The assessee is a private limited company. The relevant facts in brief are that the assessee-company in the period relevant to the assessment year under reference carried on transport business by rail and road. On 19-1-1978, the assessee tendered and deposited with the State Bank of India, Calcutta, 81 high denomination notes of Rs. 1,000 each. The assessee also furnished a declaration as required at the time of tender of high denomination notes. Columns 15 and 16 of the aforesaid declaration furnished are as under :

“15. Reasons for keeping the amount in cash in notes of such high denomination.

Cash payment against railway freight and octroi payment at Shalimar Pani Tabla, Ragra Check Post.

  1. When and from what source did the bank notes come into possession?

From time to time from Mercantile Bank Ltd., N.S. Road Branch, Calcutta, against the cheques withdrawn from current account.”

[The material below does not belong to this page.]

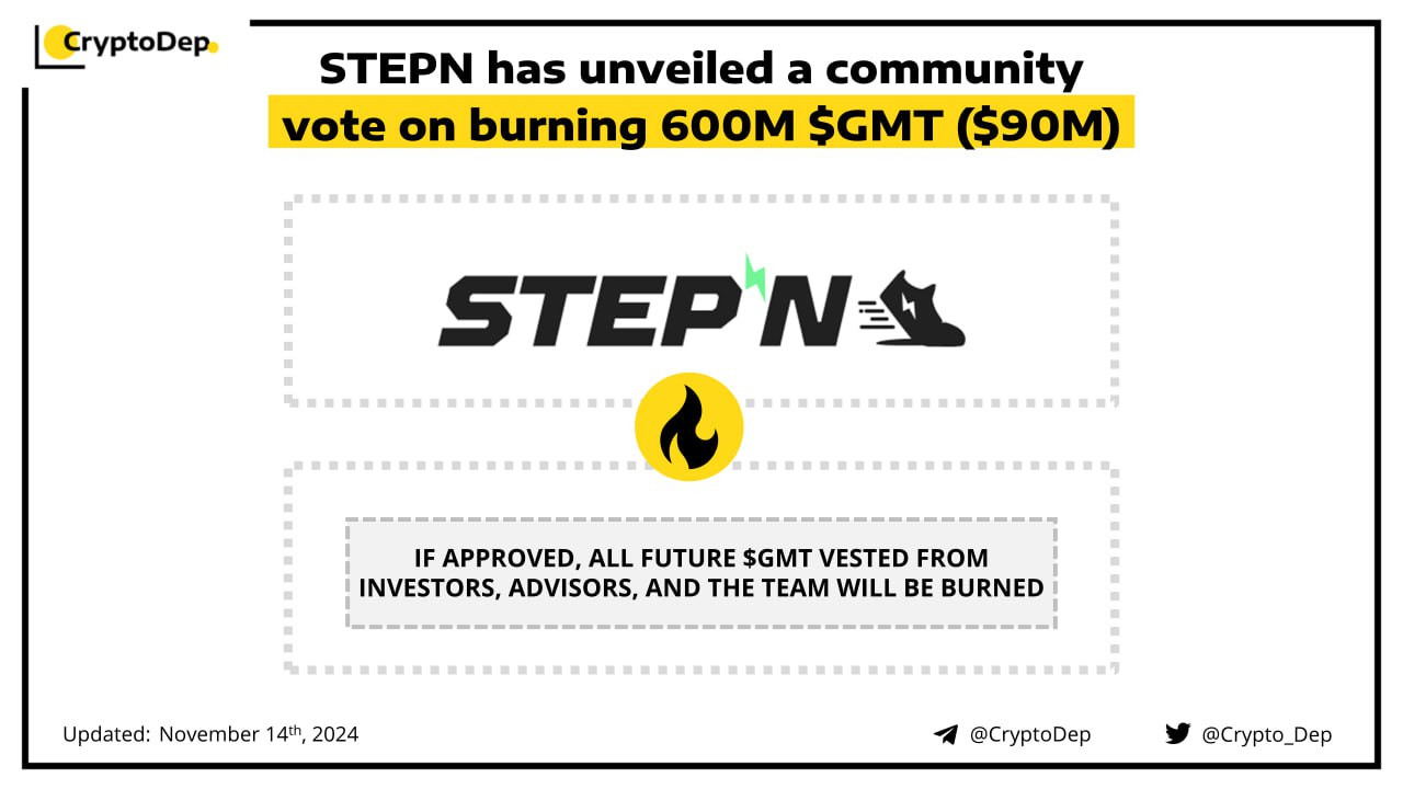 ββSTEPN has unveiled a community vote on burning 600M $GMT ($90M)
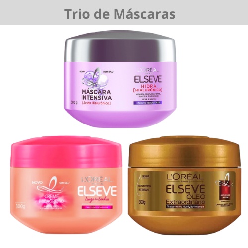 Trio Máscaras Elseve Loreal Paris C/3 Itens 300 Cada.

  1. The Assessing Officer also recorded the statement of the director of the assessee-company, Shri Atma Ram Arya, under section 131 of the Act on 1-2-1978, regarding the source of possession of the high denomination notes and Shri Atma Ram Arya in the said statement deposed that the high denomination notes were received from the Mercantile Bank Ltd. on encashment of cheques on different dates. The Assessing Officer during the course of assessment proceedings for the year under reference wanted to verify the correctness of the declaration made by the assessee. He sent his inspector to the Mercantile Bank to examine the encashed cheques. The inspector reported that as per notice on the back cheques encashed (sic) no high denomination notes was given to the assessee. When this was put to the assessee, the assessee explained that high denomination notes were obtained from the Mercantile Bank in exchange for smaller denomination notes at the counter. The assessee also pleaded that in the case of Rs. 60,000 received from its Bombay Branch, there were 20 high denomination notes. A bank certificate to this effect was furnished. The assessee also furnished a certificate dated 15-5-1978, from the bank certifying that the high denomination notes were delivered/received freely from the customers and, in addition, they were exchanging small denomination notes for high denomination notes and vice versa. The Assessing Officer considered the explanation of the assessee-company furnished during the course of assessment proceedings as an ‘afterthought’. He accordingly treated the high denomination notes as unexplained and added the value thereof in the income of the assessee. The action of the Assessing Officer was confirmed in appeal by the Commissioner (Appeals).
  2. On second appeal, the Tribunal, after examining the decision of the Supreme Court in Lalchand Bhagat Ambica Ram v. CIT[1959] 37 ITR 288 and that of the Patna High Court in the case of Lakshmi Rice Mills v. CIT [1974] 97 ITR 258, deleted the addition of Rs. 81,000.
  3. The Tribunal was of the view that the assessee had sufficient cash in hand. In the books of account of the assessee, cash balance was usually more than Rs. 81,000. There is no reason to treat this amount as income from undisclosed sources. It is not a fit case for treating the amount of Rs. 81,000 as concealed income of the assessee and consequently imposition of penalty was also not justified in this case.
  4. Basically, the Tribunal has come to the decision after a review of the entire facts. The Tribunal does not appear to have failed to consider any relevant material and whether the Tribunal has appreciated the facts correctly or not cannot be gone into in the reference jurisdiction. It is the appraisal of facts by the Tribunal which is the final fact finding body. No question of perversity has been raised.
  5. Therefore, question Nos. 1 and 2 in Matter No. 1865 of 1991 are answered in the affirmative and in favour of the assessee.
  6. The question in Matter No. 1863 of 1991 is also answered in the affirmative and in favour of the assessee.
  7. There will be no order as to costs.